### Collected data
________________________________________

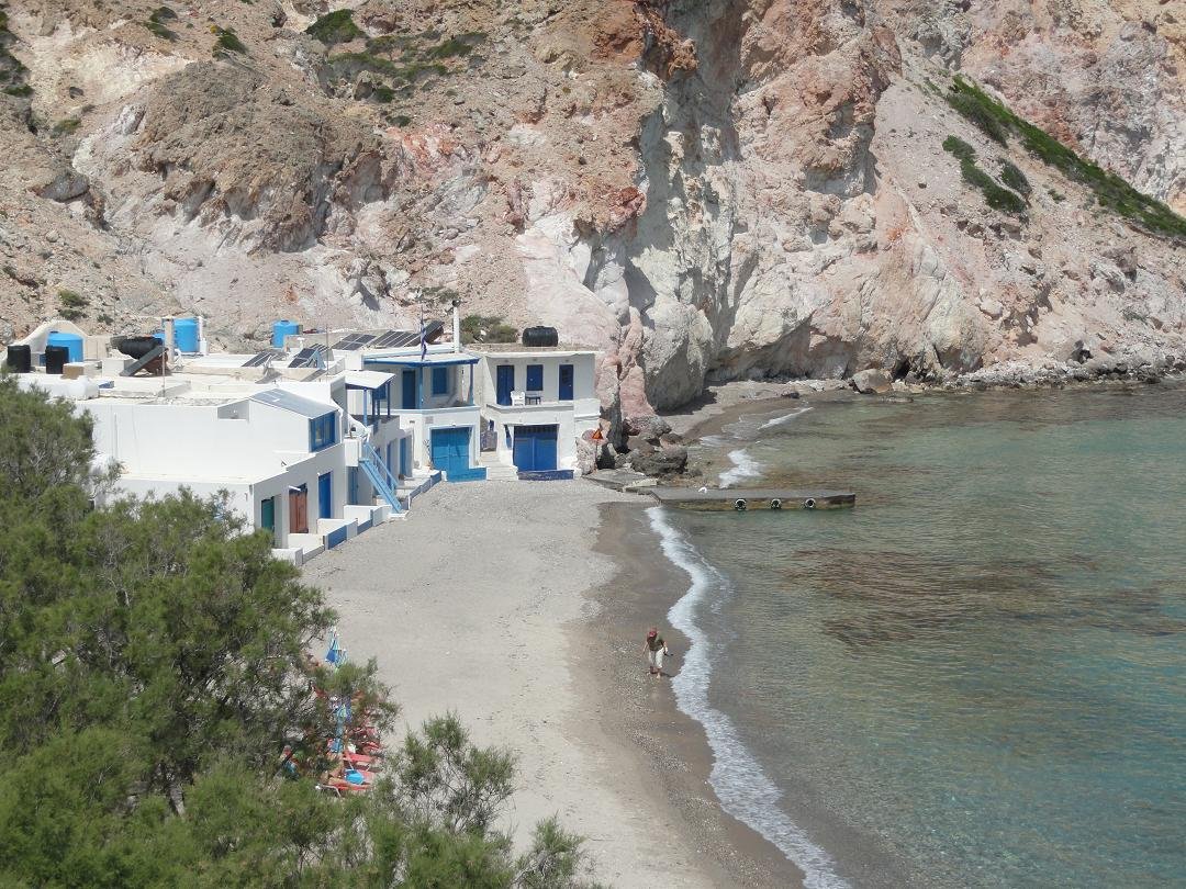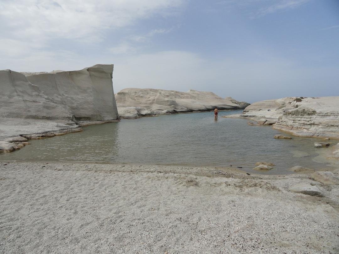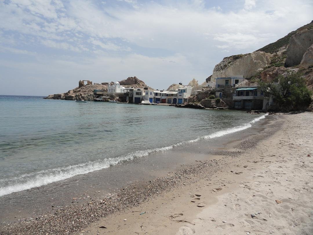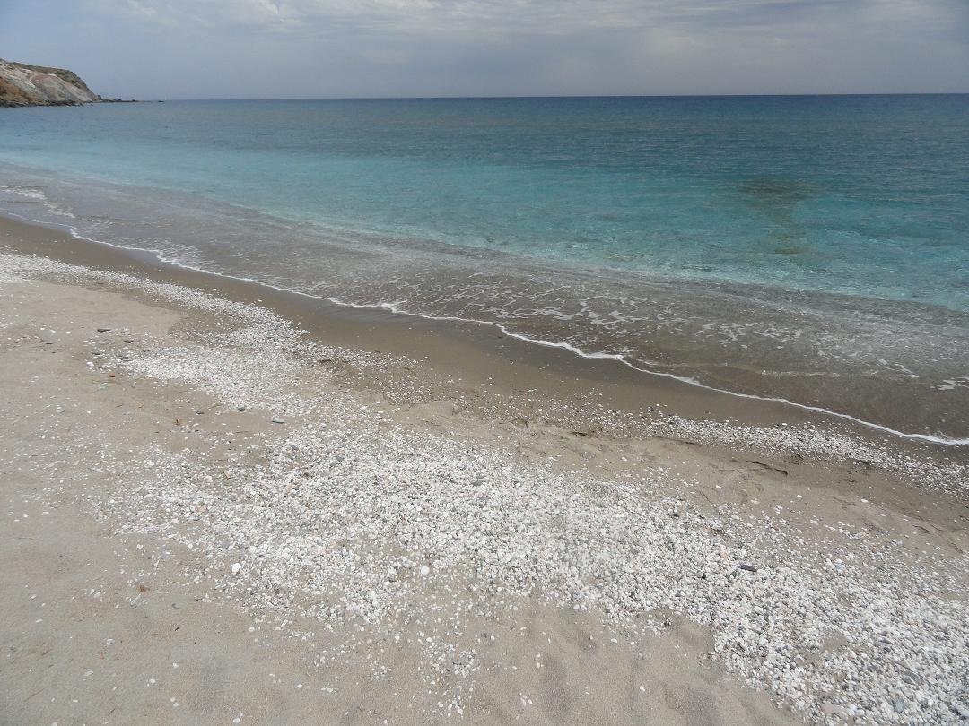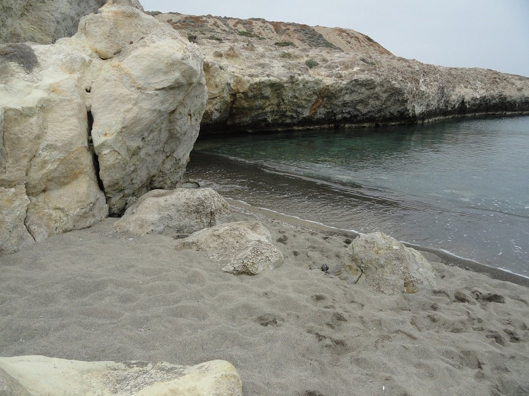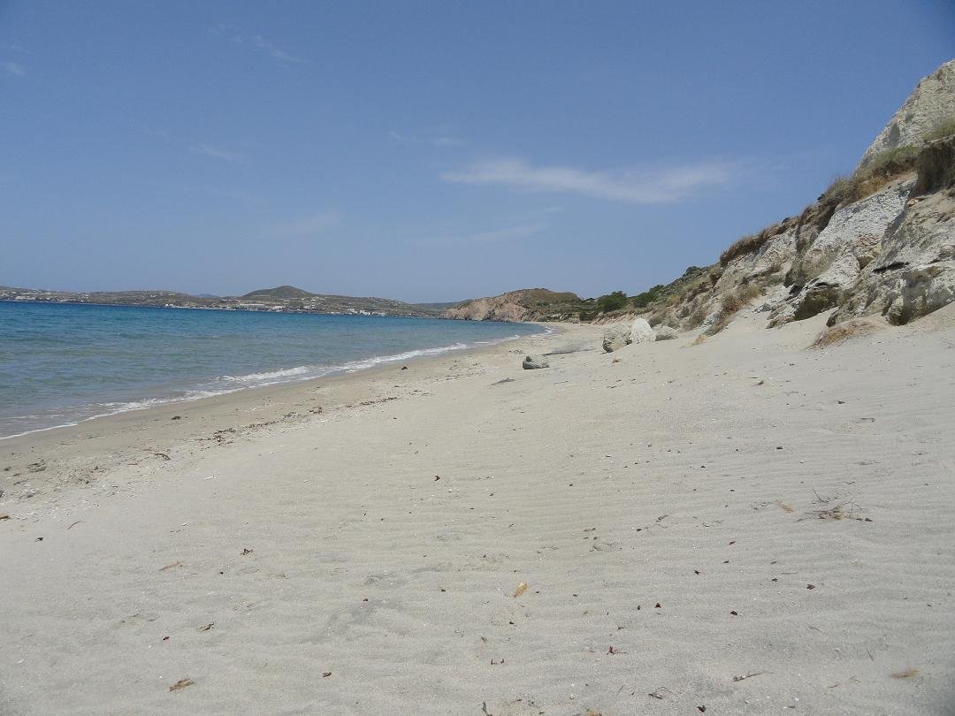 Strand naast de opgraving van Phylakopi , tussen Phylakopi en Pollonia en op ongeveer 3 kilometer afstand van Pollonia. Het is een van de meest bijzondere stranden van het eiland Milos. Je kunt er komen over een smal pad. Vanaf de top van de rots ziet het strand eruit als een turqoise zwembad (kanaal) met hoge witte rotsen eromheen, en er zijn grotten. Op de dag dat wij er kwamen helaas een beetje somber weer, dus het water was wat minder mooi van kleur als normaal. |
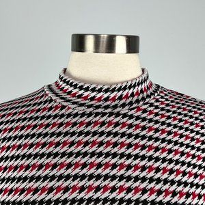 You'll be sure to get checked out in this sleek houndstooth top. The multi-colored design and eye-catching, color-blocked band are just the things for cool-weather chic.
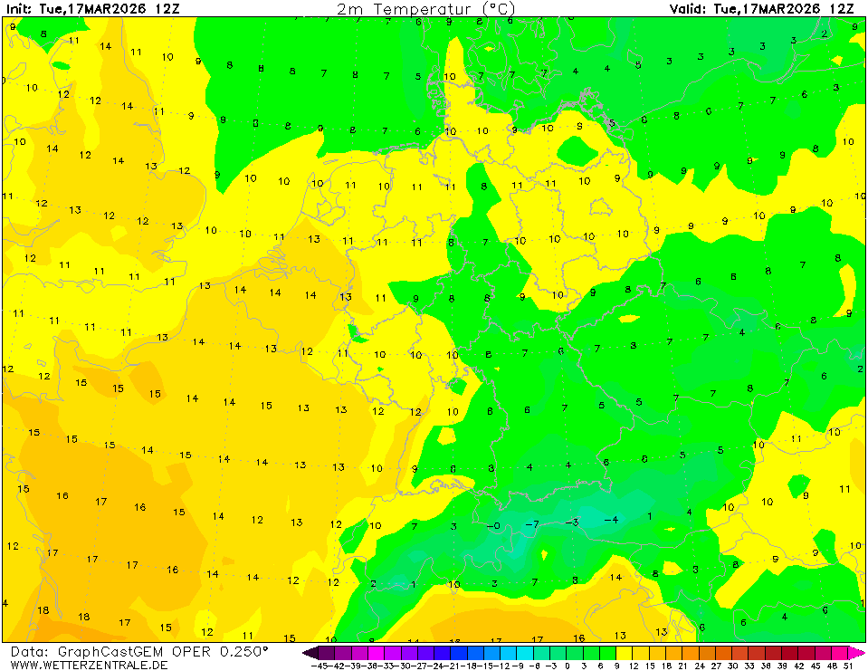 GEMThe selected variable and region is available, but not for 2026-02-15, 12:00. You will switch back to the first available time step. GEM is the global forecast model of the Canadian weather service and computes 10 day forecasts.
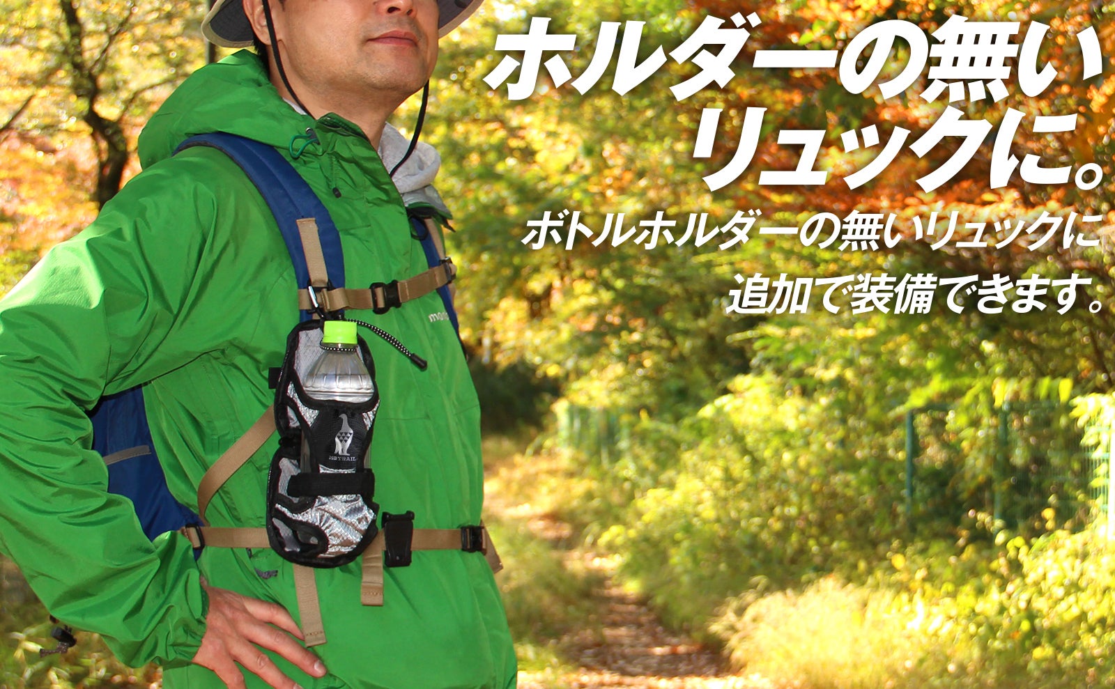 ホルダーを装着することで、ボトルホルダーの無い小容量のリュックにもご使用いただけます。お手持ちのリュックの活用範囲が広がりますよ。

________________________________________

### What is required
The answer must be the full listing, exact in every line, with the pictures removed.

### Output for this task
 Strand naast de opgraving van Phylakopi , tussen Phylakopi en Pollonia en op ongeveer 3 kilometer afstand van Pollonia. Het is een van de meest bijzondere stranden van het eiland Milos. Je kunt er komen over een smal pad. Vanaf de top van de rots ziet het strand eruit als een turqoise zwembad (kanaal) met hoge witte rotsen eromheen, en er zijn grotten. Op de dag dat wij er kwamen helaas een beetje somber weer, dus het water was wat minder mooi van kleur als normaal. |
 You'll be sure to get checked out in this sleek houndstooth top. The multi-colored design and eye-catching, color-blocked band are just the things for cool-weather chic.
 GEMThe selected variable and region is available, but not for 2026-02-15, 12:00. You will switch back to the first available time step. GEM is the global forecast model of the Canadian weather service and computes 10 day forecasts.
 ホルダーを装着することで、ボトルホルダーの無い小容量のリュックにもご使用いただけます。お手持ちのリュックの活用範囲が広がりますよ。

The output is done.